Санкт-Петербургская быль — страница 26 из 42

Вера уселась на койку и сказала, страдальчески морщась:

– Извините, Любушка, я должна лечь.

– А что с вами, боже? Может, врач нужен?

– Нет, нет… Все обойдется… Но защитника мне не надо…

Любушка потеряла способность что-либо понимать. Как – не надо? С ума сошла совсем! Не хочет даже, чтобы ее защищали на суде! А в революционных кругах Питера, как знала Любушка, на судебный процесс Веры возлагают особые надежды. Его хотят сделать громким, чтоб история с Боголюбовым и все злодейство Трепова смогли получить самую широкую огласку. Но как объяснить это все здесь, в камере? За дверью могут подслушивать.

– Вера! Вера! Верочка! – только твердила Люба в отчаянии. – Вы потом все поймете, а сейчас, ради бога, не… не надо! Раз вы чувствуете себя так плохо, я сейчас уйду, но вы… не должны отказываться. Умоляю!

Тут и у Любы показались слезы. Вот так неожиданность! Что с Верой творится? Сама не желает, чтобы ее защищали на суде!
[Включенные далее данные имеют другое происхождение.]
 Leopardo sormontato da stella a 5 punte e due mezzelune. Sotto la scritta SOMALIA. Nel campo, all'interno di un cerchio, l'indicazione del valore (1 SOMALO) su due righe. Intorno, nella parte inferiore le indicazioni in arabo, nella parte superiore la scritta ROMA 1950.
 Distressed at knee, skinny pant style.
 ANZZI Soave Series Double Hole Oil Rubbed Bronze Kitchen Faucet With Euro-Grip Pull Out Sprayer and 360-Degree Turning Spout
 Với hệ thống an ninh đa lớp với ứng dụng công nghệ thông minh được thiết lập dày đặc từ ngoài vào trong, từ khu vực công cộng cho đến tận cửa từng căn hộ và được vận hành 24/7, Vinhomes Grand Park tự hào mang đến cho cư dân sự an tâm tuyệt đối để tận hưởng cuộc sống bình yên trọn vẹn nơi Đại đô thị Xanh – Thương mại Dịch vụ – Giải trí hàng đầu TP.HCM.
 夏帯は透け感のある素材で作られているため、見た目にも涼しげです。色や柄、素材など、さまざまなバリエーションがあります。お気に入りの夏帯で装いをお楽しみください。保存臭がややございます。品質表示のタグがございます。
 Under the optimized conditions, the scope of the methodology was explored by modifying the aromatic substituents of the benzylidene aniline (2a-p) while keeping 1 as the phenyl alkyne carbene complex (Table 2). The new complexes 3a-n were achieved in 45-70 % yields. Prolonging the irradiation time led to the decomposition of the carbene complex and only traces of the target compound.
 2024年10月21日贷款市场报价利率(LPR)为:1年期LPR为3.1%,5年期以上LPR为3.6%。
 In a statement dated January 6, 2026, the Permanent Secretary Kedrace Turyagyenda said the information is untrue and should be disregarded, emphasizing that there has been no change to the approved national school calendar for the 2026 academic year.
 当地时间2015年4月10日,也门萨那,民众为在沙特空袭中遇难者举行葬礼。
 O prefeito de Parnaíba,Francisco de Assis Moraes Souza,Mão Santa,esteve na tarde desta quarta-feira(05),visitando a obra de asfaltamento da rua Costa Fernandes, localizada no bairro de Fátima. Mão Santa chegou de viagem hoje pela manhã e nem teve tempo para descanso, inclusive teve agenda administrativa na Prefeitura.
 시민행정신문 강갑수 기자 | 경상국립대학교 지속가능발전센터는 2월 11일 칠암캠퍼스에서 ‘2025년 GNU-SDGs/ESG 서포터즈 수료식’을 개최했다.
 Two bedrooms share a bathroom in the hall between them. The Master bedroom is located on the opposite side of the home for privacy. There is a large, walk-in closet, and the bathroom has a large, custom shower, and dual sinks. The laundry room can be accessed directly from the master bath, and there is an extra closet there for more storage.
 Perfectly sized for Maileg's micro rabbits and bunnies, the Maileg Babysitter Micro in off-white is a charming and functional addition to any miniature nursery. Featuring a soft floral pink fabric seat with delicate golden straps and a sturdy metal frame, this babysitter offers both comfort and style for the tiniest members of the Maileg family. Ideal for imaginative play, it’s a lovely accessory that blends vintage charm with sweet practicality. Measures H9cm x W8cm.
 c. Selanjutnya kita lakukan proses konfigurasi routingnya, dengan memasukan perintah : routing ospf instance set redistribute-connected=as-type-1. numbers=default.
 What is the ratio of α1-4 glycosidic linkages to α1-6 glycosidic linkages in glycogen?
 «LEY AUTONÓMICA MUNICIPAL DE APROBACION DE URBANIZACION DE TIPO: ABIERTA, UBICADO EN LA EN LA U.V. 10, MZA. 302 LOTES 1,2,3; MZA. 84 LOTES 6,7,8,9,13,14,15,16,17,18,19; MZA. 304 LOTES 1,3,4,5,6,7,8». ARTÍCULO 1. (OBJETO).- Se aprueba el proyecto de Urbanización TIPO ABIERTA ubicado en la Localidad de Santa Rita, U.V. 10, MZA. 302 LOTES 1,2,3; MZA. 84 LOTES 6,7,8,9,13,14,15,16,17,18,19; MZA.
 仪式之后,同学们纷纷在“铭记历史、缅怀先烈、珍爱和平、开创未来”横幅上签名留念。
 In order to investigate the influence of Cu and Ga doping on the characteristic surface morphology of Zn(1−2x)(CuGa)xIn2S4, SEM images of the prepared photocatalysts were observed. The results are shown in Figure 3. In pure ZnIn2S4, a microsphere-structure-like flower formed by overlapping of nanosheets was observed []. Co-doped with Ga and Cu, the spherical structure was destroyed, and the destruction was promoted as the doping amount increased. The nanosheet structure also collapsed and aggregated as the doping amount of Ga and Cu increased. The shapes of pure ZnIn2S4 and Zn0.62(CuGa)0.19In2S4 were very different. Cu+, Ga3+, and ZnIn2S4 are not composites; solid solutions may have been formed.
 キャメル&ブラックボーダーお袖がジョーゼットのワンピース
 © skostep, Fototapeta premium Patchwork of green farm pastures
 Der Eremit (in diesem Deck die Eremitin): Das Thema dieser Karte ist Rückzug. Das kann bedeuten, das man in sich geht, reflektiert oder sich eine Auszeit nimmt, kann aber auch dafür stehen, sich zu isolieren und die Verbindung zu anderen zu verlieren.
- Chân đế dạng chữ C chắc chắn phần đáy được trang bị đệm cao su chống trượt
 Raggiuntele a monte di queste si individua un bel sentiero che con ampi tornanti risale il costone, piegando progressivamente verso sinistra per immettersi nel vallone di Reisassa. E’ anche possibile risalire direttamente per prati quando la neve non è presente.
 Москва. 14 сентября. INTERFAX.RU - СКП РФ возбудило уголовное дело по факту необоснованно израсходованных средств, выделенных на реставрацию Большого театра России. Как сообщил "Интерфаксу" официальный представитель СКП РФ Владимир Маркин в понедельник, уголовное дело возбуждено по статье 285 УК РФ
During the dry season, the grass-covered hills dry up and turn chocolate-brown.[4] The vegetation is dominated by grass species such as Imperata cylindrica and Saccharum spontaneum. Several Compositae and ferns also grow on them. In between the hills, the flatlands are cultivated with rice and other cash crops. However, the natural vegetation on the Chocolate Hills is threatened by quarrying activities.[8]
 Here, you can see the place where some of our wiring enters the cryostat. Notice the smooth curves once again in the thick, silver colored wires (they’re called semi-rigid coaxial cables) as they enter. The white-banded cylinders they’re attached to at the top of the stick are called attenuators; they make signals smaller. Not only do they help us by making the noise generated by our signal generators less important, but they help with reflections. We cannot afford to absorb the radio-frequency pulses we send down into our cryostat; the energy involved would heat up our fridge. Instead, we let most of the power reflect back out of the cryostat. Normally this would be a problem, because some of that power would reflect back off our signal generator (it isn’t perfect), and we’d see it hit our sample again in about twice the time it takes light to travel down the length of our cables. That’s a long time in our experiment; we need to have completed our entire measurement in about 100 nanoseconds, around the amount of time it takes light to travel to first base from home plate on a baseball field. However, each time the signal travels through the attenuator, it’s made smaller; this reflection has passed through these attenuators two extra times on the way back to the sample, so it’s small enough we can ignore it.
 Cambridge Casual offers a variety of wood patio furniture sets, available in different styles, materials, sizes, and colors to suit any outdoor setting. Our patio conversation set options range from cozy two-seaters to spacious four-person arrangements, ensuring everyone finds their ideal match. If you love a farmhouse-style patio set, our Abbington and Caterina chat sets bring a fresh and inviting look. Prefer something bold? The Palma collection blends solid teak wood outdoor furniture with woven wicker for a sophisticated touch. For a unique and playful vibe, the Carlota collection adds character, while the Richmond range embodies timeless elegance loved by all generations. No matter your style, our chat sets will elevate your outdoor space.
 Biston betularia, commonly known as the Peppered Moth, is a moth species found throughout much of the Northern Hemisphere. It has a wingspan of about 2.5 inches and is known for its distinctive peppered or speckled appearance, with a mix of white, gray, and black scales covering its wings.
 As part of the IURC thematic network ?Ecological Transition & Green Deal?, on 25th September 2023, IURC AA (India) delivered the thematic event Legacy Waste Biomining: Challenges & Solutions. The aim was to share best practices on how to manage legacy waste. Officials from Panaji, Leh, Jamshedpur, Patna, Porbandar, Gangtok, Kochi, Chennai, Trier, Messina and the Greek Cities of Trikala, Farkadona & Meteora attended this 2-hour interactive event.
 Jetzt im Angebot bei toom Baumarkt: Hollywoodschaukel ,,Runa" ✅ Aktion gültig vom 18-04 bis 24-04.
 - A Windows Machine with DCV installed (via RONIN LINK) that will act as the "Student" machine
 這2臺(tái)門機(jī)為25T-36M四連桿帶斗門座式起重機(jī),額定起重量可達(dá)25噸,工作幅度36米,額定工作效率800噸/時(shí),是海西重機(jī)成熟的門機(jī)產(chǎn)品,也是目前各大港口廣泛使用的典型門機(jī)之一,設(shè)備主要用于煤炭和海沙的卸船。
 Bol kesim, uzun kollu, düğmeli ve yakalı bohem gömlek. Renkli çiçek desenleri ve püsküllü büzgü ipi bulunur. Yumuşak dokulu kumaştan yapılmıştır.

Ушла Любушка, расстроенная тоже чуть не до обморока.

4

Свидание с Любушкой все же оказало благотворное влияние на узницу. О Вере заботятся, о ней думают, ей хотят помочь. Кто-то уже взял на себя хлопоты о ее защите. Замахиваются и на нечто большее, чем защита, – замышляют и самый процесс обратить против власти и сделать «громким».

А Вере и не надо этого, не надо совсем. Дело, которое она сделала, может, и громкое, а она, Вера, хотела бы тихо сойти с жизненной сцены. Без шума. Не любит этого Вера, не выносит и никогда не стремилась к славе. Но, подумав немного после ухода Любы Корниловой, Вера снова стала успокаиваться. Даже ощутила какую-то странную радость от мысли, что она принадлежит к особому кругу людей, с которыми ее связывает не родство, не личная дружба, а нечто иное. Это люди одной судьбы, ее братья и сестры по организации, по убеждениям. Кажется, сегодня Вера впервые ощутила это так остро.

Накидав ломтики апельсина в кружку и налив туда кипятку, Вера наслаждалась вкусным напитком, как вдруг ее позвал к себе Кабат. Когда Вера уселась перед ним и приняла свою обычную позу неприступного безразличия, он объявил узнице, что следствие подошло к концу. Но Кабат не был бы Кабатом, если бы на том и поставил точку. Он решил напоследок потешить душу. Пригласив Веру ознакомиться с протоколами следствия, Кабат сказал, щуря в усмешке глаза:

– Можете не обольщаться. Судить вас будут не сенаторы Особого присутствия, а суд присяжных, как простую уголовницу, будто воровку с Апраксина рынка.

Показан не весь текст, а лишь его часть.